▶ **Problem description**: Under this line are the records; repeat exactly the lines starting at the one containing "These goggles turn the world upside down." and ending at the one containing "2 nd floor Guest room-1", omitting pictures.

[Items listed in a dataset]
________________________

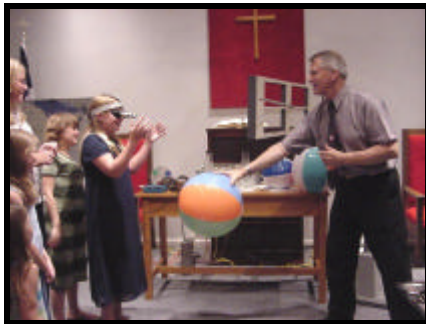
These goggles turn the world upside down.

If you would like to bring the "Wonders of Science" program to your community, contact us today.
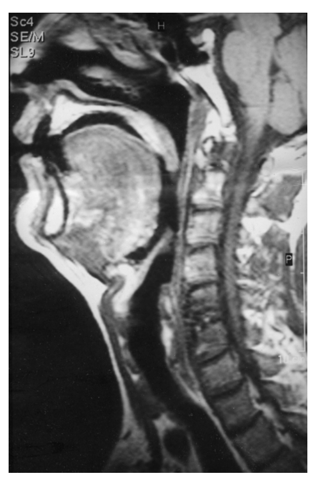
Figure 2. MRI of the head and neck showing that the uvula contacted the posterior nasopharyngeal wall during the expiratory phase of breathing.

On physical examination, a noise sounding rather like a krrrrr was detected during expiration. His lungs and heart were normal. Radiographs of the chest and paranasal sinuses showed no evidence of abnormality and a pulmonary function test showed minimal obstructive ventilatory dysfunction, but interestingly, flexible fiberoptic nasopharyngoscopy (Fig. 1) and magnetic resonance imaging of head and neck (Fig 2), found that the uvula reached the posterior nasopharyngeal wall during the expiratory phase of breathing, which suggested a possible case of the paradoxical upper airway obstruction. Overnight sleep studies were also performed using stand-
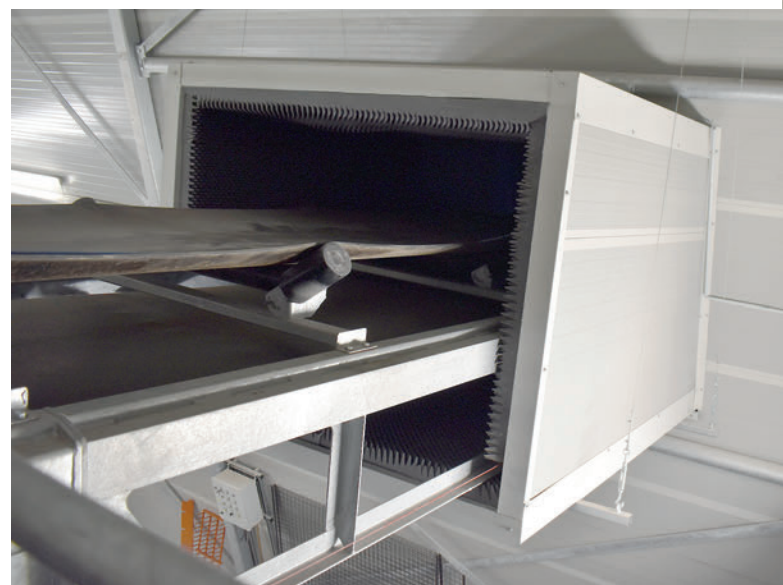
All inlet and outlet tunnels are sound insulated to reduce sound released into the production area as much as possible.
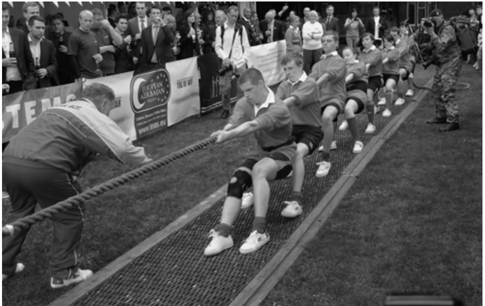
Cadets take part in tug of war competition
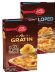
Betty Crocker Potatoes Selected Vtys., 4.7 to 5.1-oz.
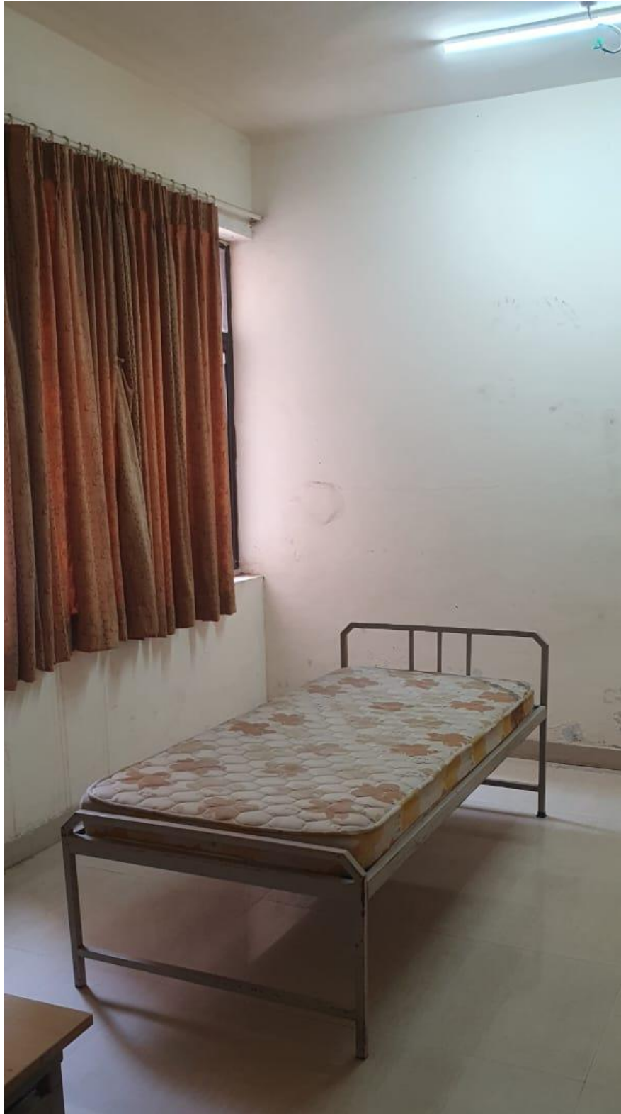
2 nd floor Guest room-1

________________________

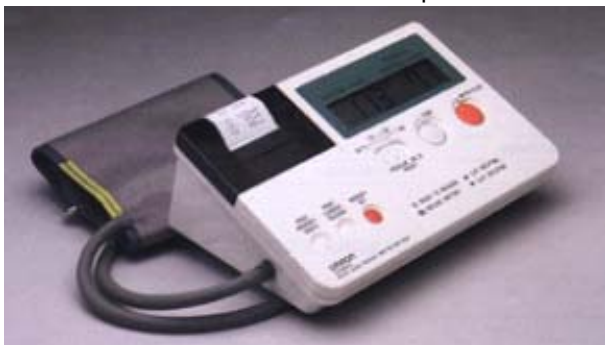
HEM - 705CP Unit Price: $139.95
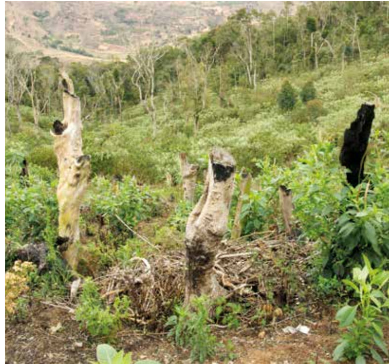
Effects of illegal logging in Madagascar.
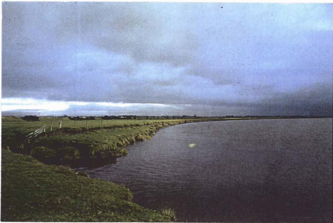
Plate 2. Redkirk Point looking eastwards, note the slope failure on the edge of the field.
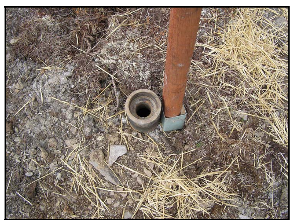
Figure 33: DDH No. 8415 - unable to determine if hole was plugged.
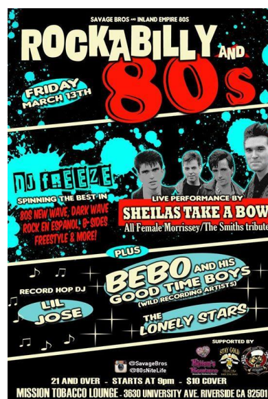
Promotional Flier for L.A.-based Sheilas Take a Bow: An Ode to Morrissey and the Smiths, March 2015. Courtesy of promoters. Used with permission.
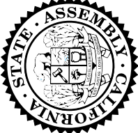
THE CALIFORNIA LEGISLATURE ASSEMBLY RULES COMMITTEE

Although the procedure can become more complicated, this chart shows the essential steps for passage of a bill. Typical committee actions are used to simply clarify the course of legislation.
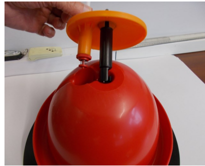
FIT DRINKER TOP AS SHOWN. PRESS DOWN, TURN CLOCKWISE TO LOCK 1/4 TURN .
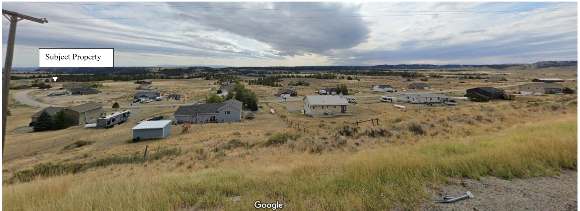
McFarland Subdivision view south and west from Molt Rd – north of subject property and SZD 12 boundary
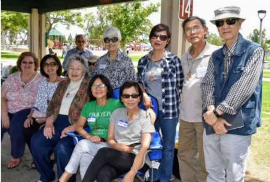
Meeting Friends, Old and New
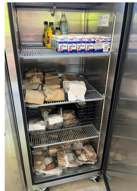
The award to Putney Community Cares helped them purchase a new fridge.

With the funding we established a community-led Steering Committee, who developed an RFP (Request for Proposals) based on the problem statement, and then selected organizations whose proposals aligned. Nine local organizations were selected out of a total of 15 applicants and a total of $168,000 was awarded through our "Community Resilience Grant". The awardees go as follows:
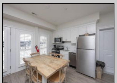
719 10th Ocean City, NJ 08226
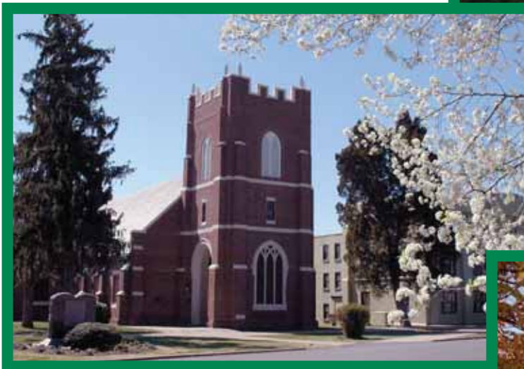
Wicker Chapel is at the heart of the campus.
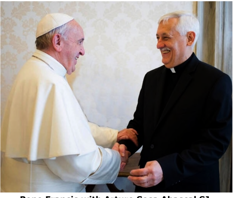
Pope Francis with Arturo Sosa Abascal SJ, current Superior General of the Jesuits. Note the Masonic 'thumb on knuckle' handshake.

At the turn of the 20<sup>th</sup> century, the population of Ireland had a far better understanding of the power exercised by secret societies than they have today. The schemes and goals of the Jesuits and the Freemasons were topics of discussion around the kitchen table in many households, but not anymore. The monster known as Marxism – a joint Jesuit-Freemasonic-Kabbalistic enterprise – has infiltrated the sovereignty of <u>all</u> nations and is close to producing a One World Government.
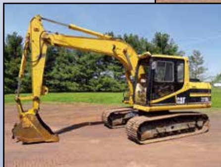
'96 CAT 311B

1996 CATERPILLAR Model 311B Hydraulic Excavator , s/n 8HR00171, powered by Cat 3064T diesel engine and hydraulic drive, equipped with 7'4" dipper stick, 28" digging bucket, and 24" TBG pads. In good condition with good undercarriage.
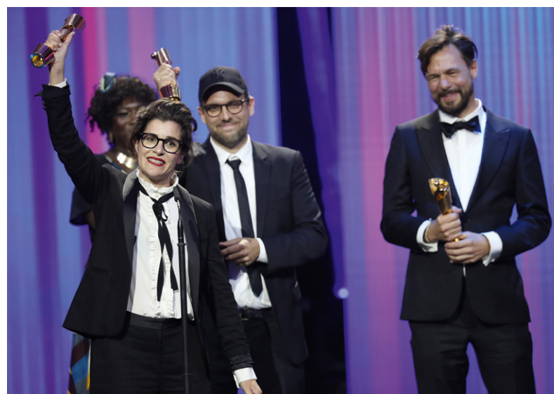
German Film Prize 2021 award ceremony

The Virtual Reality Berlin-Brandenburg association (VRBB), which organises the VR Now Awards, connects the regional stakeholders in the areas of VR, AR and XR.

________________________

▶ **Solved problem**:
These goggles turn the world upside down.

If you would like to bring the "Wonders of Science" program to your community, contact us today.
Figure 2. MRI of the head and neck showing that the uvula contacted the posterior nasopharyngeal wall during the expiratory phase of breathing.

On physical examination, a noise sounding rather like a krrrrr was detected during expiration. His lungs and heart were normal. Radiographs of the chest and paranasal sinuses showed no evidence of abnormality and a pulmonary function test showed minimal obstructive ventilatory dysfunction, but interestingly, flexible fiberoptic nasopharyngoscopy (Fig. 1) and magnetic resonance imaging of head and neck (Fig 2), found that the uvula reached the posterior nasopharyngeal wall during the expiratory phase of breathing, which suggested a possible case of the paradoxical upper airway obstruction. Overnight sleep studies were also performed using stand-
All inlet and outlet tunnels are sound insulated to reduce sound released into the production area as much as possible.
Cadets take part in tug of war competition
Betty Crocker Potatoes Selected Vtys., 4.7 to 5.1-oz.
2 nd floor Guest room-1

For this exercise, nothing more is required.